- The problem -
Please make an exact transcription of all the data that follows.

━━━ Exercise input ━━━

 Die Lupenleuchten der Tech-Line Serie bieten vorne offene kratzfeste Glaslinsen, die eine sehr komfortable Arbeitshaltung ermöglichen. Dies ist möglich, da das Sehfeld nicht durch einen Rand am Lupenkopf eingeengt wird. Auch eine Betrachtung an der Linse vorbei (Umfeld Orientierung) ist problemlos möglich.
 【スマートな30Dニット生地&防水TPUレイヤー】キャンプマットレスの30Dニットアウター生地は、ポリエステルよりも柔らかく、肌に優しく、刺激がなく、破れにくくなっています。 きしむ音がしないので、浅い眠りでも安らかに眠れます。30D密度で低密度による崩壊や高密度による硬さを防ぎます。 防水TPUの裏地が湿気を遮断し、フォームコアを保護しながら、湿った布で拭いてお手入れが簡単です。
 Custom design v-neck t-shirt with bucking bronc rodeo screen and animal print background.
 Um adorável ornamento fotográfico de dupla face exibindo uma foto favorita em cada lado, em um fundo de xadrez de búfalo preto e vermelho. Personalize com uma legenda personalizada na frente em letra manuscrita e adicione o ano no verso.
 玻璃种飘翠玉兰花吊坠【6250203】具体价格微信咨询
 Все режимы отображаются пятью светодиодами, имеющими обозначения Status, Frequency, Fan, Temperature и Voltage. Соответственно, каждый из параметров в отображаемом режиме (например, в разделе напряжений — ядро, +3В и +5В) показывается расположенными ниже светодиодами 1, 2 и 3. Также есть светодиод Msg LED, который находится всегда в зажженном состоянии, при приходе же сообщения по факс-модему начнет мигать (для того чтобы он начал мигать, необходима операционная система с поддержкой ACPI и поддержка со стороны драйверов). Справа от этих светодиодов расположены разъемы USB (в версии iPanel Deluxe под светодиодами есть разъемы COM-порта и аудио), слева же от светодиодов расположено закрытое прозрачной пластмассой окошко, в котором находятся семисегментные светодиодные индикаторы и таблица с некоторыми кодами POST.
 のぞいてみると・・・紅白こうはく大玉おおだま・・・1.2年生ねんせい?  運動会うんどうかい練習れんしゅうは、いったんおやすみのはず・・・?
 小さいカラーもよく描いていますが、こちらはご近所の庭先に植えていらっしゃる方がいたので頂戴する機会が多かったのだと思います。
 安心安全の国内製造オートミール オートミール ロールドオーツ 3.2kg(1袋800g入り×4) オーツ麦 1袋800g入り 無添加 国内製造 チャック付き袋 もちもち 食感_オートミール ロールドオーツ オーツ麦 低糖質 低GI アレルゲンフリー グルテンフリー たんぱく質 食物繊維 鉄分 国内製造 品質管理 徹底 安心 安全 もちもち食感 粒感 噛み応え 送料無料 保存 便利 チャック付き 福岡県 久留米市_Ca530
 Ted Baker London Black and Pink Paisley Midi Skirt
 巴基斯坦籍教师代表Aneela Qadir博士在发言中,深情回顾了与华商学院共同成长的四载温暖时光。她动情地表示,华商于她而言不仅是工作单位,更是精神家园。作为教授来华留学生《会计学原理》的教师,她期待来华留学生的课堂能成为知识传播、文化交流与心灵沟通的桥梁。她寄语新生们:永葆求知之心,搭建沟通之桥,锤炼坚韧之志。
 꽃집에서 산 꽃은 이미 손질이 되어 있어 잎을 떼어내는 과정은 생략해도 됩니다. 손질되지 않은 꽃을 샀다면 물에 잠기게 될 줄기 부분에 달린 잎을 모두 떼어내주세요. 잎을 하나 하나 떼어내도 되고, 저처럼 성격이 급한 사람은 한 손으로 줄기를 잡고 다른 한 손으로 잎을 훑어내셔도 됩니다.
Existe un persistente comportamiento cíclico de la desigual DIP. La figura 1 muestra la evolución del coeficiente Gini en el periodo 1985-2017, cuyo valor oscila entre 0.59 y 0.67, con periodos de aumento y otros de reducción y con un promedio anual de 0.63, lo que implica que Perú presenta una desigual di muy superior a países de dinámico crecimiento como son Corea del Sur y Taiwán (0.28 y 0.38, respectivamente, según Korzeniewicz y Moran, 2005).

━━━

- Your response -
 Die Lupenleuchten der Tech-Line Serie bieten vorne offene kratzfeste Glaslinsen, die eine sehr komfortable Arbeitshaltung ermöglichen. Dies ist möglich, da das Sehfeld nicht durch einen Rand am Lupenkopf eingeengt wird. Auch eine Betrachtung an der Linse vorbei (Umfeld Orientierung) ist problemlos möglich.
 【スマートな30Dニット生地&防水TPUレイヤー】キャンプマットレスの30Dニットアウター生地は、ポリエステルよりも柔らかく、肌に優しく、刺激がなく、破れにくくなっています。 きしむ音がしないので、浅い眠りでも安らかに眠れます。30D密度で低密度による崩壊や高密度による硬さを防ぎます。 防水TPUの裏地が湿気を遮断し、フォームコアを保護しながら、湿った布で拭いてお手入れが簡単です。
 Custom design v-neck t-shirt with bucking bronc rodeo screen and animal print background.
 Um adorável ornamento fotográfico de dupla face exibindo uma foto favorita em cada lado, em um fundo de xadrez de búfalo preto e vermelho. Personalize com uma legenda personalizada na frente em letra manuscrita e adicione o ano no verso.
 玻璃种飘翠玉兰花吊坠【6250203】具体价格微信咨询
 Все режимы отображаются пятью светодиодами, имеющими обозначения Status, Frequency, Fan, Temperature и Voltage. Соответственно, каждый из параметров в отображаемом режиме (например, в разделе напряжений — ядро, +3В и +5В) показывается расположенными ниже светодиодами 1, 2 и 3. Также есть светодиод Msg LED, который находится всегда в зажженном состоянии, при приходе же сообщения по факс-модему начнет мигать (для того чтобы он начал мигать, необходима операционная система с поддержкой ACPI и поддержка со стороны драйверов). Справа от этих светодиодов расположены разъемы USB (в версии iPanel Deluxe под светодиодами есть разъемы COM-порта и аудио), слева же от светодиодов расположено закрытое прозрачной пластмассой окошко, в котором находятся семисегментные светодиодные индикаторы и таблица с некоторыми кодами POST.
 のぞいてみると・・・紅白こうはく大玉おおだま・・・1.2年生ねんせい?  運動会うんどうかい練習れんしゅうは、いったんおやすみのはず・・・?
 小さいカラーもよく描いていますが、こちらはご近所の庭先に植えていらっしゃる方がいたので頂戴する機会が多かったのだと思います。
 安心安全の国内製造オートミール オートミール ロールドオーツ 3.2kg(1袋800g入り×4) オーツ麦 1袋800g入り 無添加 国内製造 チャック付き袋 もちもち 食感_オートミール ロールドオーツ オーツ麦 低糖質 低GI アレルゲンフリー グルテンフリー たんぱく質 食物繊維 鉄分 国内製造 品質管理 徹底 安心 安全 もちもち食感 粒感 噛み応え 送料無料 保存 便利 チャック付き 福岡県 久留米市_Ca530
 Ted Baker London Black and Pink Paisley Midi Skirt
 巴基斯坦籍教师代表Aneela Qadir博士在发言中,深情回顾了与华商学院共同成长的四载温暖时光。她动情地表示,华商于她而言不仅是工作单位,更是精神家园。作为教授来华留学生《会计学原理》的教师,她期待来华留学生的课堂能成为知识传播、文化交流与心灵沟通的桥梁。她寄语新生们:永葆求知之心,搭建沟通之桥,锤炼坚韧之志。
 꽃집에서 산 꽃은 이미 손질이 되어 있어 잎을 떼어내는 과정은 생략해도 됩니다. 손질되지 않은 꽃을 샀다면 물에 잠기게 될 줄기 부분에 달린 잎을 모두 떼어내주세요. 잎을 하나 하나 떼어내도 되고, 저처럼 성격이 급한 사람은 한 손으로 줄기를 잡고 다른 한 손으로 잎을 훑어내셔도 됩니다.
Existe un persistente comportamiento cíclico de la desigual DIP. La figura 1 muestra la evolución del coeficiente Gini en el periodo 1985-2017, cuyo valor oscila entre 0.59 y 0.67, con periodos de aumento y otros de reducción y con un promedio anual de 0.63, lo que implica que Perú presenta una desigual di muy superior a países de dinámico crecimiento como son Corea del Sur y Taiwán (0.28 y 0.38, respectivamente, según Korzeniewicz y Moran, 2005).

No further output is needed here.